Hi MKguy, thanks for the repsonse. I checked this out on my template vm and a vm deployed with the template where the adapters are in different order. I do not see any differences in the grep output.
grep -i ethernet[0-9]\.pci Templ_W2K8R2-ENT-SP1-US-VL-FULL_.vmx |sort
ethernet0.pciSlotNumber = "224"
ethernet1.pciSlotNumber = "256"
ethernet2.pciSlotNumber = "1184"
grep -i pci Templ_W2K8R2-ENT-SP1-US-VL-FULL_.vmx |sort
ethernet0.pciSlotNumber = "224"
ethernet1.pciSlotNumber = "256"
ethernet2.pciSlotNumber = "1184"
pciBridge0.pciSlotNumber = "17"
pciBridge0.present = "true"
pciBridge4.functions = "8"
pciBridge4.pciSlotNumber = "21"
pciBridge4.present = "true"
pciBridge4.virtualDev = "pcieRootPort"
pciBridge5.functions = "8"
pciBridge5.pciSlotNumber = "22"
pciBridge5.present = "true"
pciBridge5.virtualDev = "pcieRootPort"
pciBridge6.functions = "8"
pciBridge6.pciSlotNumber = "23"
pciBridge6.present = "true"
pciBridge6.virtualDev = "pcieRootPort"
pciBridge7.functions = "8"
pciBridge7.pciSlotNumber = "24"
pciBridge7.present = "true"
pciBridge7.virtualDev = "pcieRootPort"
scsi0.pciSlotNumber = "160"
scsi1.pciSlotNumber = "192"
vmci0.pciSlotNumber = "32"
grep -i ethernet[0-9]\.pci Test-Full01.vmx |sort
ethernet0.pciSlotNumber = "224"
ethernet1.pciSlotNumber = "256"
ethernet2.pciSlotNumber = "1184"
grep -i pci Test-Full01.vmx |sort
ethernet0.pciSlotNumber = "224"
ethernet1.pciSlotNumber = "256"
ethernet2.pciSlotNumber = "1184"
pciBridge0.pciSlotNumber = "17"
pciBridge0.present = "true"
pciBridge4.functions = "8"
pciBridge4.pciSlotNumber = "21"
pciBridge4.present = "true"
pciBridge4.virtualDev = "pcieRootPort"
pciBridge5.functions = "8"
pciBridge5.pciSlotNumber = "22"
pciBridge5.present = "true"
pciBridge5.virtualDev = "pcieRootPort"
pciBridge6.functions = "8"
pciBridge6.pciSlotNumber = "23"
pciBridge6.present = "true"
pciBridge6.virtualDev = "pcieRootPort"
pciBridge7.functions = "8"
pciBridge7.pciSlotNumber = "24"
pciBridge7.present = "true"
pciBridge7.virtualDev = "pcieRootPort"
scsi0.pciSlotNumber = "160"
scsi1.pciSlotNumber = "192"
vmci0.pciSlotNumber = "32"
Did you ever find a resolution? I have the same problem.
thanks
Grr as well as bump. Same problem also.
As a sidenote when fiddling around with nic's they can sometime "disappear" but can be shown again with the KB:
VMware KB: Removing hidden or ghosted devices from a Windows virtual machine
ye olde...
Ooops: There seems to be a description and some solutions here: http://kb.vmware.com/selfservice/microsites/search.do?language=en_US&cmd=displayKC&externalId=102007...
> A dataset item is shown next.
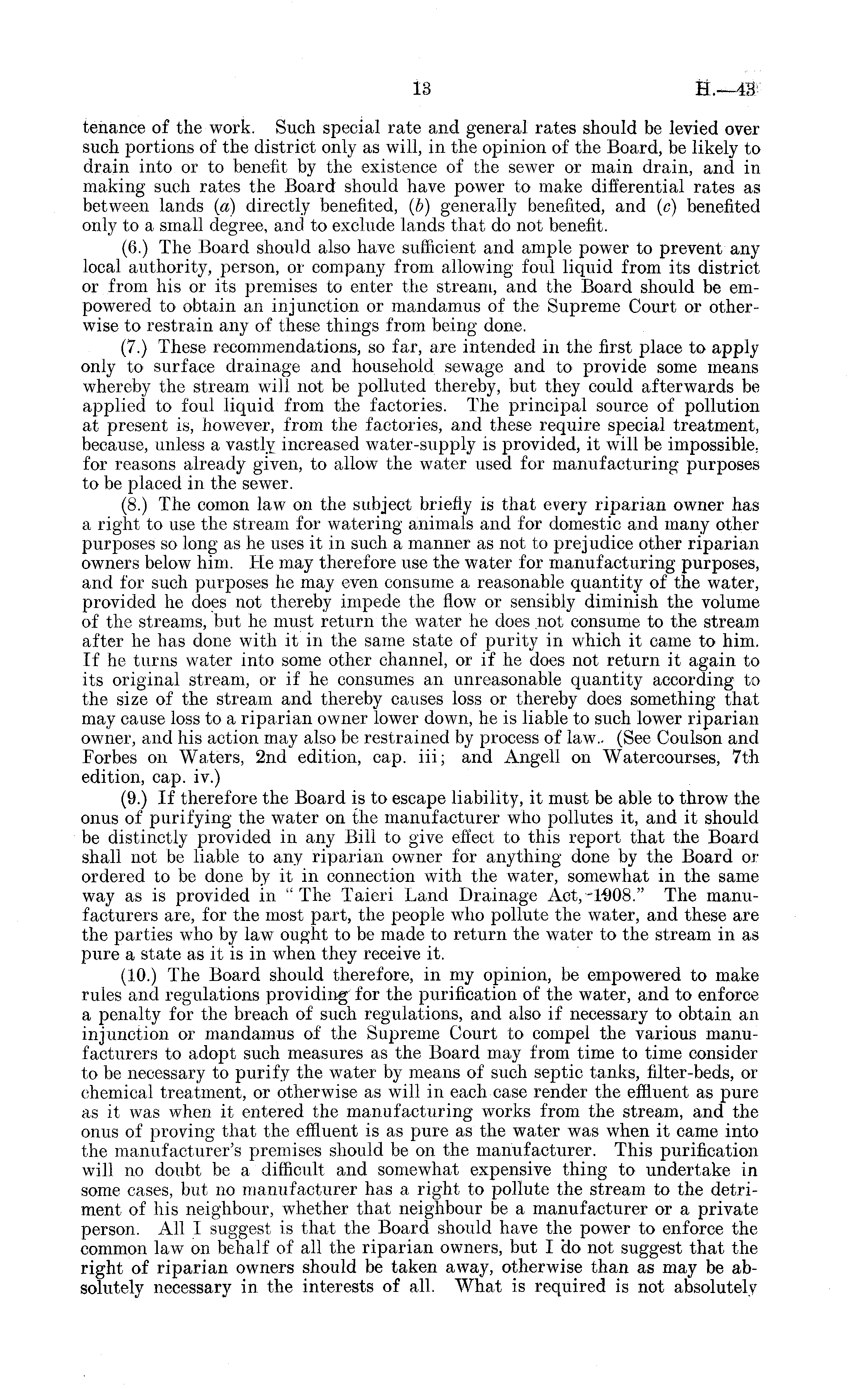 tenance of the work. Such special rate and general rates should be levied over such portions of the district only as will, in the opinion of the Board, be likely to drain into or to benefit by the existence of the sewer or main drain, and in making such rates the Board should have power to make differential rates as between lands (a) directly benefited, (b) generally benefited, and (c) benefited only to a small degree, and to exclude lands that do not benefit. (6.) The Board should also have sufficient and ample power to prevent any local authority, person, or company from allowing foul liquid from its district or from his or its premises to enter the stream, and the Board should be empowered to obtain an injunction or mandamus of the Supreme Court or otherwise to restrain any of these things from being done. (7.) These recommendations, so far, are intended in the first place to apply only to surface drainage and household sewage and to provide some means whereby the stream will not be polluted thereby, but they could afterwards be applied to foul liquid from the factories. The principal source of pollution at present is, however, from the factories, and these require special treatment, because, unless a vastly increased water-supply is provided, it will be impossible, for reasons already given, to allow the water used for manufacturing purposes to be placed in the sewer. (8.) The comon law on the subject briefly is that every riparian owner has a right to use the stream for watering animals and for domestic and many other purposes so long as he uses it in such a manner as not to prejudice other riparian owners below him. He may therefore use the water for manufacturing purposes, and for such purposes he may even consume a reasonable quantity of the water, provided he does not thereby impede the flow or sensibly diminish the volume of the streams, but he must return the water he does not consume to the stream after he has done with it in the same state of purity in which it came to him. If he turns water into some other channel, or if he does not return it again to its original stream, or if he consumes an unreasonable quantity according to the size of the stream and thereby causes loss or thereby does something that may cause loss to a riparian owner lower down, he is liable to such lower riparian owner, and his action may also be restrained by process of law.. (See Coulson and Forbes on Waters, 2nd edition, cap. iii; and Angell on Watercourses, 7th edition, cap. iv.) (9.) If therefore the Board is to escape liability, it must be able to throw the onus of purifying the water on the manufacturer who pollutes it, and it should be distinctly provided in any Bill to give effect to this report that the Board shall not be liable to any riparian owner for anything done by the Board or ordered to be done by it in connection with the water, somewhat in the same way as is provided in " The Taieri Land Drainage Act, 1908." The manufacturers are, for the most part, the people who pollute the water, and these are the parties who by law ought to be made to return the water to the stream in as pure a state as it is in when they receive it. (10.) The Board should therefore, in my opinion, be empowered to make rules and regulations providing for the purification of the water, and to enforce a penalty for the breach of such regulations, and also if necessary to obtain an injunction or mandamus of the Supreme Court to compel the various manufacturers to adopt such measures as the Board may from time to time consider to be necessary to purify the water by means of such septic tanks, filter-beds, or chemical treatment, or otherwise as will in each case render the effluent as pure as it was when it entered the manufacturing works from the stream, and the onus of proving that the effluent is as pure as the water was when it came into the manufacturer's premises should be on the manufacturer. This purification will no doubt be a difficult and somewhat expensive thing to undertake in some cases, but no manufacturer has a right to pollute the stream to the detriment of his neighbour, whether that neighbour be a manufacturer or a private person. All I suggest is that the Board should have the power to enforce the common law on behalf of all the riparian owners, but I do not suggest that the right of riparian owners should be taken away, otherwise than as may be absolutely necessary in the interests of all. What is required is not absolutely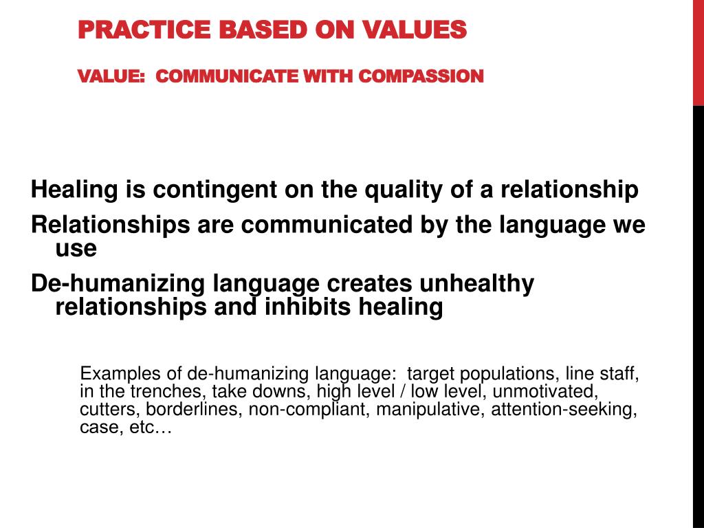 Practice Based on ValuesValue: Communicate with compassion • Healing is contingent on the quality of a relationship • Relationships are communicated by the language we use • De-humanizing language creates unhealthy relationships and inhibits healing Examples of de-humanizing language: target populations, line staff, in the trenches, take downs, high level / low level, unmotivated, cutters, borderlines, non-compliant, manipulative, attention-seeking, case, etc…

I'll try them out with my win2008r2 box.
We also had this same issue with deploying VMs from Windows 2008 R2 SP1 templates with multiple NICs, specifically NICs of type vmxnet3. Installing the Windows hotfix for 2008 R2 SP1 mentioned in the VMware KB article resolved the problem.